The SEC is taking steps to save Rule 151A. It has consented to a twoyear stay of the Rule’s effectiveness, and will analyze the impact of Rule 151A on efficiency, competition and capital formation.
The SEC announced these steps in a brief filed in December with the U.S. Court of Appeals for the District of Columbia Circuit. OM Financial Life Insurance Company (Old Mutual) had asked the court to stay the Rule until two years after the SEC has reissued or revised the Rule. The court ordered Old Mutual and the SEC to file briefs on the motion.
The court has not yet ruled on Old Mutual’s motion. It could stay or vacate the Rule, or decide on some other remedy, such as setting a deadline for the SEC to reach a determination. Meanwhile, the court has ordered Old Mutual to file a brief addressing the SEC’s proposal to defer the Rule’s effective date.
Old Mutual’s motion to stay the January 12, 2011 effective date set by the SEC for Rule 151A has opened the door for the court to vacate the Rule.
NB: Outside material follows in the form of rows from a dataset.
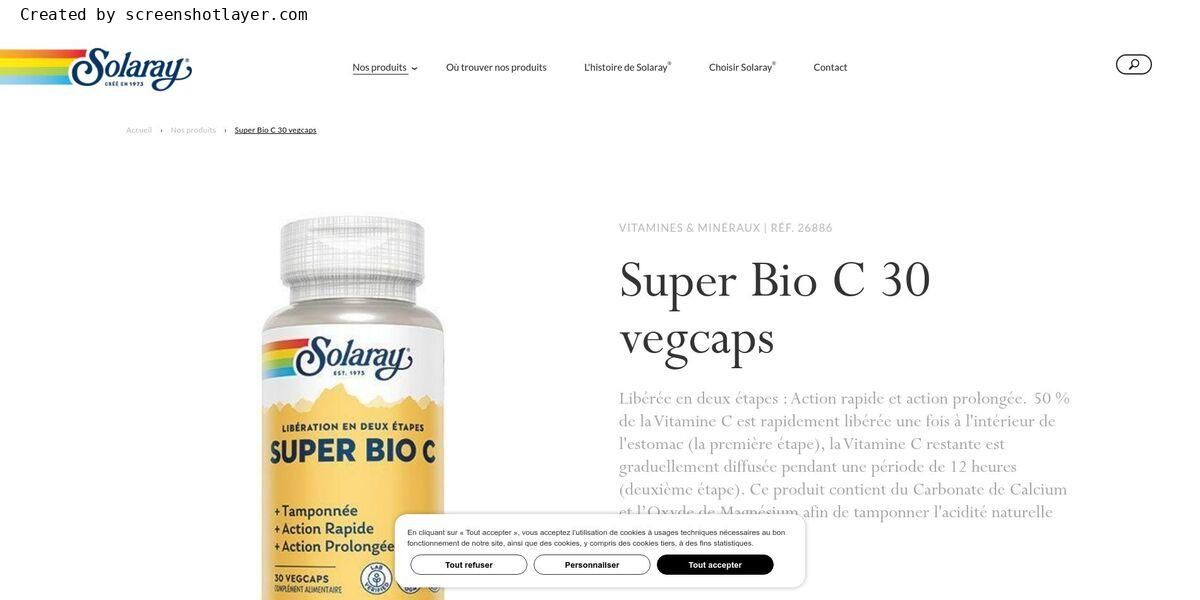 Les vitamines SOLARAY® sont, sans exception, d’origine naturelle et de la plus haute qualité. Nous les retrouvons souvent combinées à des ingrédients synergiques (euxmêmes également d’origine naturelle) pour augmenter la biodisponibilité du produit. SOLARAY® a mis en place un système de libération retardée en deux étapes pour les vitamines hydrosolubles. Pendant la première étape, 50% du produit se libère rapidement dans l’estomac, tandis que pour la deuxième étape, le reste du produit se libère de manière graduelle pendant environ 12 heures.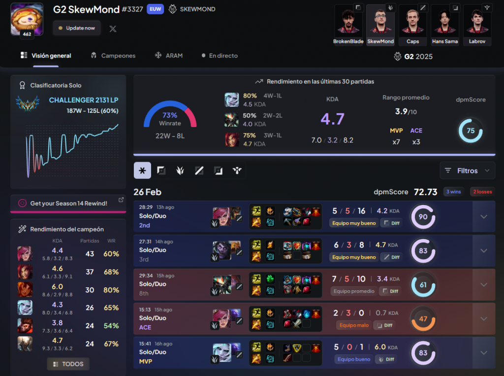 SkewMond está siendo clave en G2 Esports, ya clasificado a la final de LEC con un gran nivel, pero es que además en soloQ muestra datos brutales con un KDA abrumador (medias de 7 asesinatos y solo 3 muertes, por ejemplo) y un winrate de más del 70% en las últimas 30 partidas.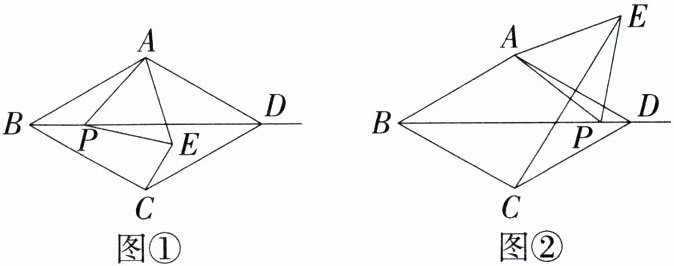 (2)如图②,当点P在线段BD上,且点E在菱形ABCD外部时,(1)中的结论是否还成立?若成立,请予以证明;若不成立,请说明理由.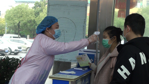 导诊台护士每天对进入医院的就诊患者测量体温,及时掌握就诊患者体温变化情况。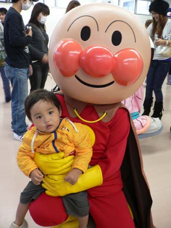 今日も別の住宅展示場でアンパンマンショーがあることを発見今日は旦那さんと一緒に出陣(笑).アンパンマンショー開始30分前から雨が降り始めました.「ショーがない・・・」としょげていると「握手会と撮影会を行います」というアナウンス.昨日よりも参加人数が少なく,時間もたっぷりありました.や,で撮影.アンパンマンに抱っこされて固まるポコちゃん.大好きなバイキンマンでもカチンコチン.なぜ顔をそむけているの?・・・と思ったら,ギュッと抱きしめていました.最後に集合写真もバッチリ撮れました旦那さんも私も大満足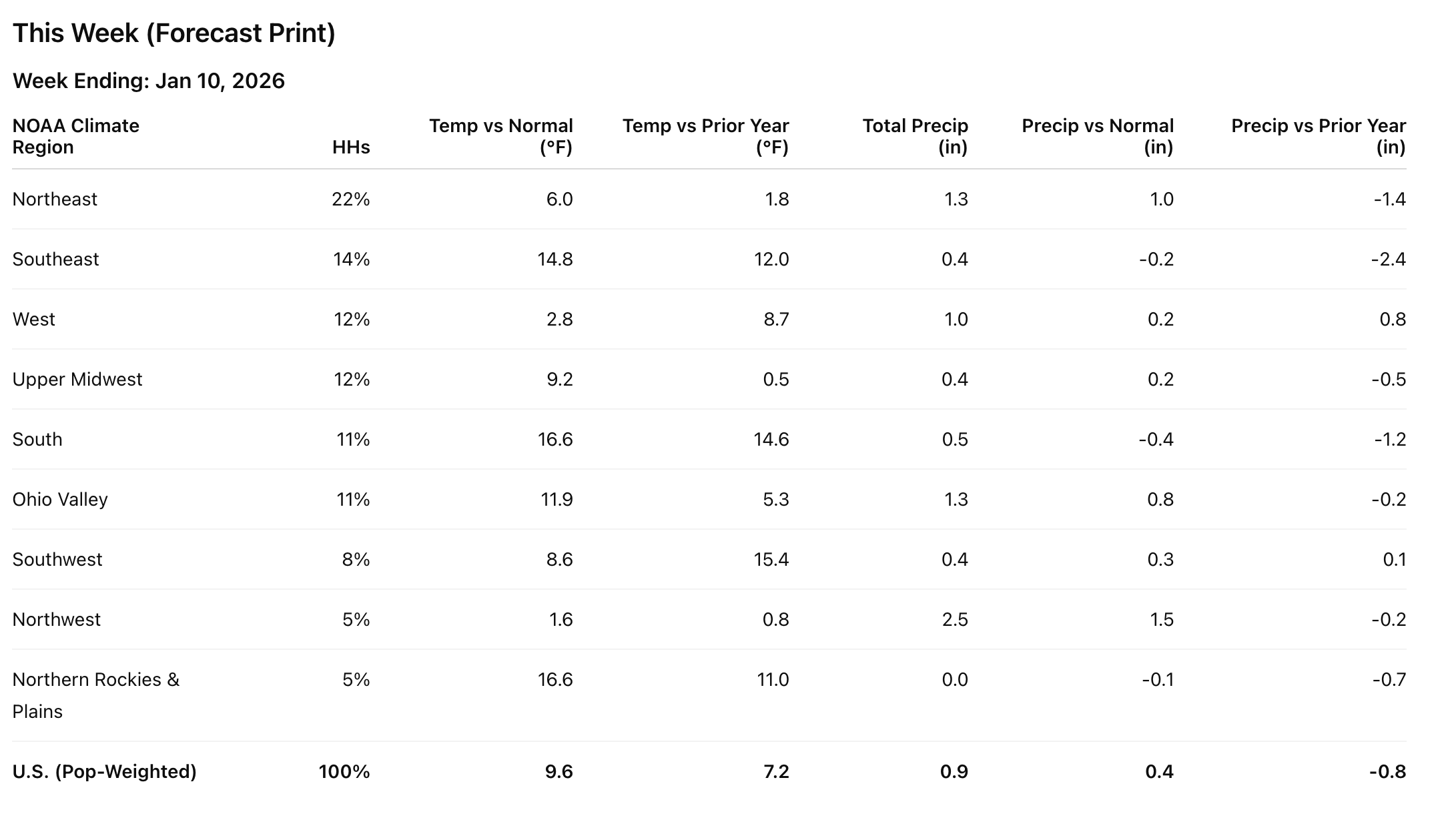 The biggest tell is the Northern Rockies & Plains YoY shock. A swing that large usually means last year featured deep, persistent cold in that region during the comparable week — and this year is the opposite: a springlike regime. That changes everything from driving conditions to trip frequency to what’s even visible in the store.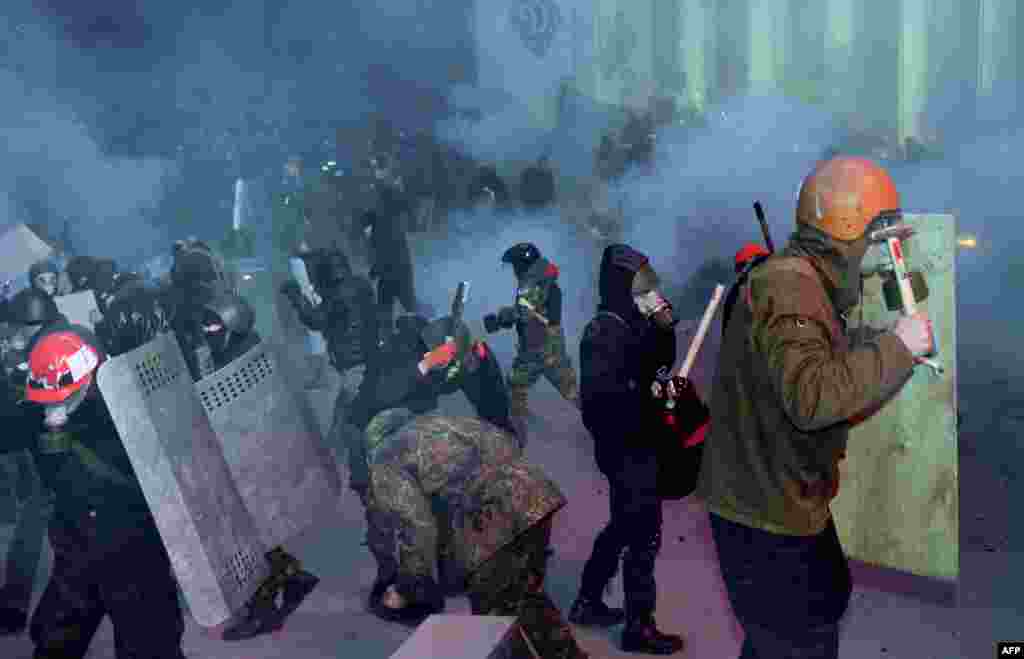 Кіеў: Сутычкі дэманстрантаў зь міліцыяй і пасьля іх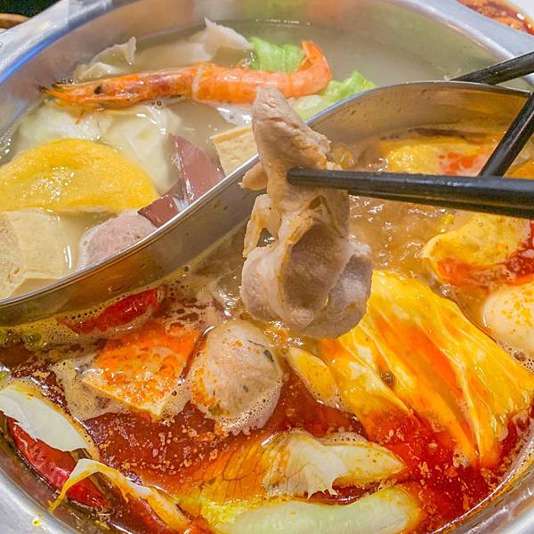 很適合兩人一個吃辣一個不吃辣的好搭配~麻辣鍋是偏香麻口味的四川辣度,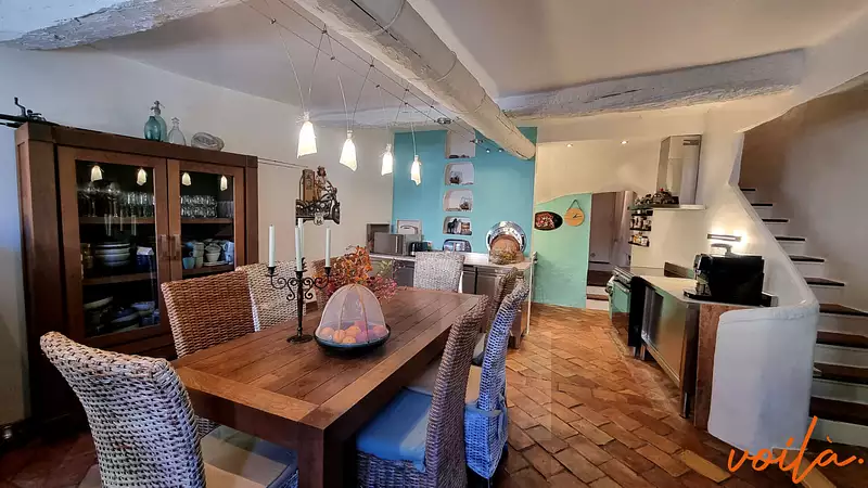 Réf " Fontaine" - Votre agence immobilière Voilà, vous propose cette maison située dans un village pittoresque avec toutes les commodités à seulement quelques minutes de Draguignan et à proximité des Gorges du Verdon et du lac de Sainte-Croix, Datant de 1750 elle allie charme, authenticité et beaux volumes sur environ 119 m². Elle se compose comme suit : - Rez-de-chaussée : cuisine avec cellier et buanderie, ouverte sur la salle à manger - 1e étage : deux belles chambres avec rangements et salle d'eau avec WC. - 2e étage : superbe salon lumineux avec poêle à bois, plafond cathédrale et mezzanine actuellement aménagée en troisième chambre. Le plafond cathédrale et la mezzanine en surplomb donnent à l'ensemble une ambiance chaleureuse et atypique, tout en offrant un véritable sentiment d'espace. Nichée sur une jolie place animée, à deux pas des commerces et des cafés, cette maison séduira les amoureux de villages provençaux, à la recherche d'un bien de caractère pour y vivre à l'année ou profiter des vacances sous le soleil du Var. Les + : - Façade et toiture refaites - Exposition Ouest - Charme, authenticité et tranquillité au coeur de la Provence - Possibilité d'une seconde salle d'eau ou dressing - Grenier Les informations sur les risques auxquels ce bien est exposé sont disponibles sur le site Géorisques : www.georisques.gouv.fr Le prix indiqué comprend les honoraires de négociation, ces honoraires sont à la charge exclusive du vendeur. Camille Maurette, Directrice, immatriculée au RSAC de Carcassonne sous le numéro 90464305300021 - carte professionnelle n° CPI11012021000000008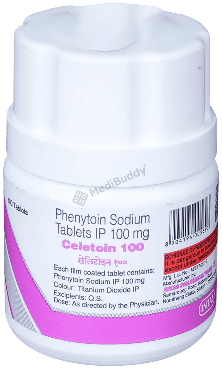 Celetoin 100 Tablet contains Phenytoin, which is an Anti-epileptic drug used to treat epilepsy, specifically seizures. It works by reducing abnormal nerve cell activity in the brain. The tablet may be taken alone or in combination with other medications, with or without food, as prescribed by your doctor. The dosage may be adjusted gradually until your condition stabilizes. It is essential to take the medicine regularly for it to be effective, even if you feel better.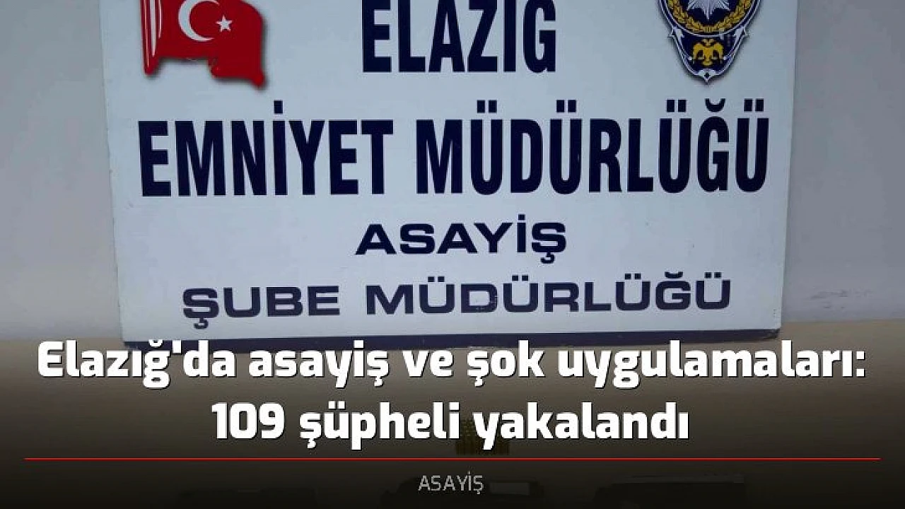 Elazığ'da İl Emniyet Müdürlüğü ekipleri tarafından son bir haftada gerçekleştirilen asayiş ve şok uygulamalarında 109 şüpheli yakalanırken bunlardan 22'si tutuklanarak cezaevine gönderildi.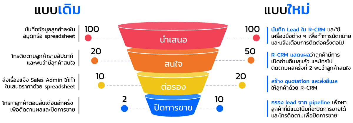 ระบบ CRM คือ ระบบสำหรับบริหารทีมขาย ที่จะช่วยให้ธุรกิจของคุณสามารถจัดการงานขายในแต่ละขั้นตอนของ Sales Pipeline ได้ดีกว่าเดิม ติดตามการขายได้อย่างมีประสิทธิภาพ ระบบมีความยืดหยุ่นสูงโดยสามารถปรับแต่งให้มีความเหมาะสมกับธุรกิจ เพื่อช่วยเพิ่มโอกาสปิดการขายที่มากขึ้น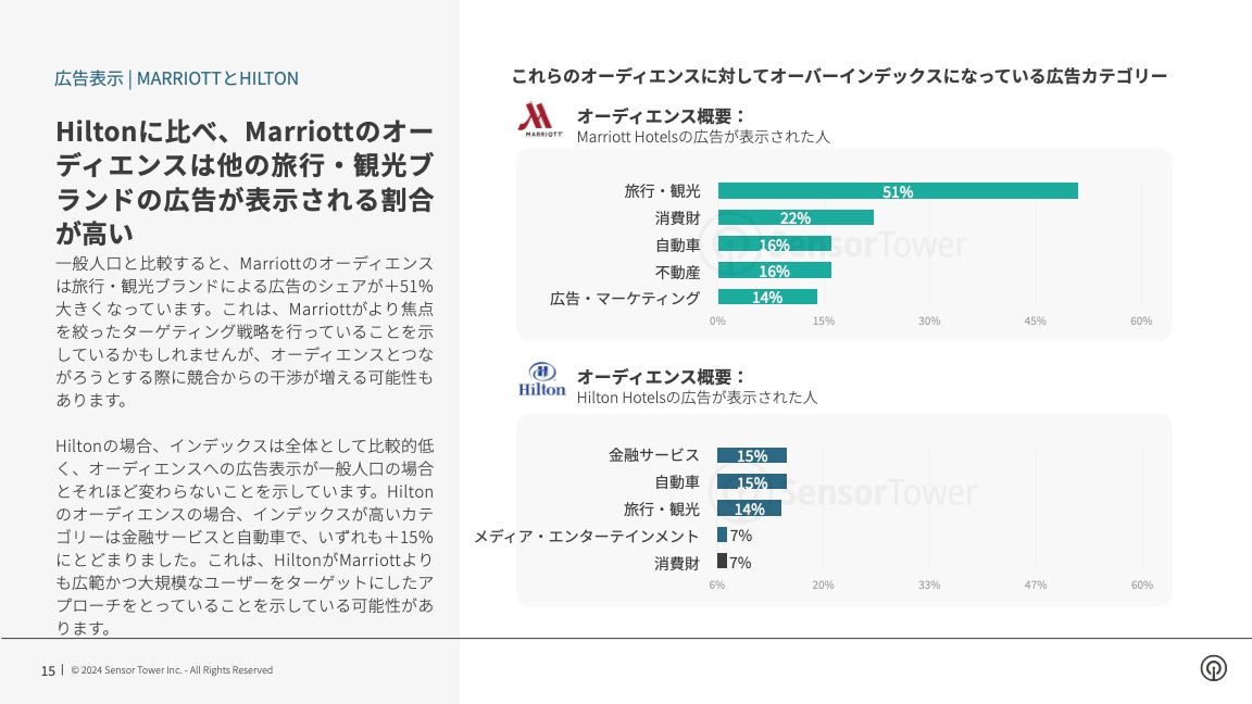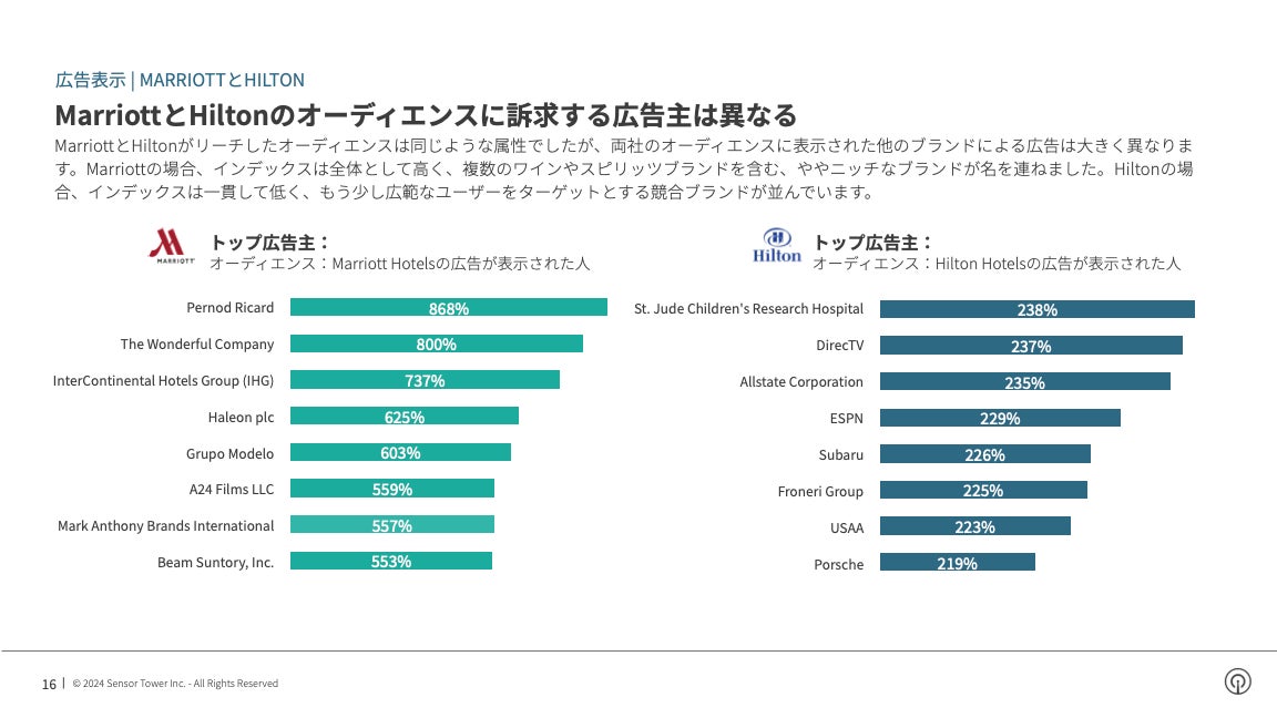 MarriottとHiltonがリーチしたオーディエンスは同じような属性でしたが、両社のオーディエンスに表示された他のブランドによる広告は大きく異なります。

As a result, the SEC appears to have determined to swallow the less bitter pill of staying the Rule for two years after the original or a revised Rule is published in the Federal Register.
In the meantime, however, issuers and distributors of indexed annuities are caught in a time bind. Because of pending litigation and legislation, it is uncertain whether the Rule will ever take effect, let alone on January 12, 2011. Companies are faced with spending time and money to comply with SEC and FINRA requirements by the looming deadline when it’s highly uncertain whether compliance will be required.
Analysis of Impact
The court has found Rule 151A to be reasonable under Supreme Court precedents. However, the court remanded the Rule back to the SEC to conduct an analysis of whether the Rule will promote efficiency, competition and capital formation. The court found that the SEC had failed to undertake the analysis as required by Section 2(b) of the Securities Act.
The SEC has told the court that it will conduct a Section 2(b) analysis. In its brief, the SEC states that the staff has “taken significant steps” to “diligently” address the deficiencies the court found in the SEC’s Section 2(b) analysis of the proposed Rule. The SEC says that its staff has “conducted a comprehensive survey of state insurance regulation of indexed annuities.”
The SEC intends for its staff to complete the Section 2(b) analysis and make a recommendation to the Commissioners by Spring 2010. The SEC states that “if the staff recommends retaining Rule 151A, the staff also expects to recommend that the SEC seek public notice and comment on the efficiency, competition, and capital formation analysis.”